Gold's high in rupees bodes ill

Published
By Shuchita Kapur

Lacklustre physical demand in India, the world’s largest consumer of gold, can limit the upside in prices of the yellow metal, a Dubai-based analyst said yesterday.

Last week, gold hit an all-time high in Indian rupees owing to the metal’s steady decline in the Asian currency against the dollar. The year 2011 has seen gold surge more than 40 per cent in Indian rupee terms while it has gone up just 20 per cent in dollar terms, making it much more expensive for consumers in India, the world’s largest gold market.

“The market does still see continued buying from institutional sources while the gold price in some currencies is at or close to the all-time high (India),” Gerhard Schubert, Head of Precious Metals at Dubai-based Emirates NBD said yesterday in the bank’s weekly precious metals report.

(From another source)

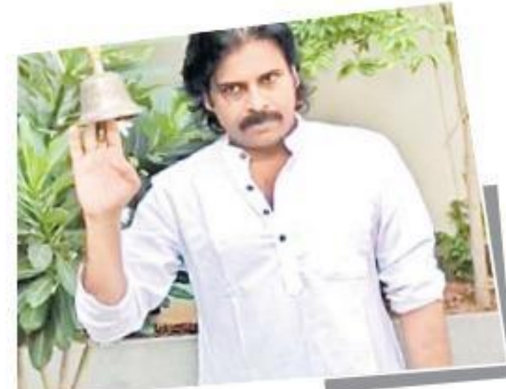
వైద్య సిబ్బందికి మద్దతుగా గంట కొడుతున్న సవన్

“This could potentially slow the market down until physical buying resumes on these elevated price levels,” said Schubert, who is ‘slightly bullish’ on gold for the next week, and sees support at $1,700 and $1,670 an ounce levels, while expects resistance at $1,730 and $1,765 per ounce levels.

Gold has gone up by almost 30 per cent in Indian rupee terms in the past six months, whereas it has gone up by a little over 11 per cent in dollar terms, restricting retail sales in India despite a wedding season currently underway in the country.

“I still expect the danger to be on the upside as the long liquidation has already taken place, and fresh buying would hit an empty market. The downside seems well supported all the way down to the mid $1,600 levels,” Schubert said.

While the Euro zone issues continue to underpin the current price levels, the wedding season demand in India will end by last week of December, and halt briefly for three weeks, before re-starting at the end of the next month. This will mean that even if the Indian rupee strengthens after a couple of weeks, it will not result in immediate physical demand for gold, and thus global prices may remain constrained by this fact.

Gold prices, therefore, are likely to trend sideways due to an uncertain global economy and a slowing growth engine in India, where the government cut growth forecasts to between 7.25 and 7.5 per cent for the next fiscal, down from over 9 per cent average growth that the country saw in the previous few years.

The yellow metal, on the other hand, has also lost some investment interest as it climbed down from its ‘safe haven’ status, following weeks of violent fluctuations in the metal after its flash fall in September this year.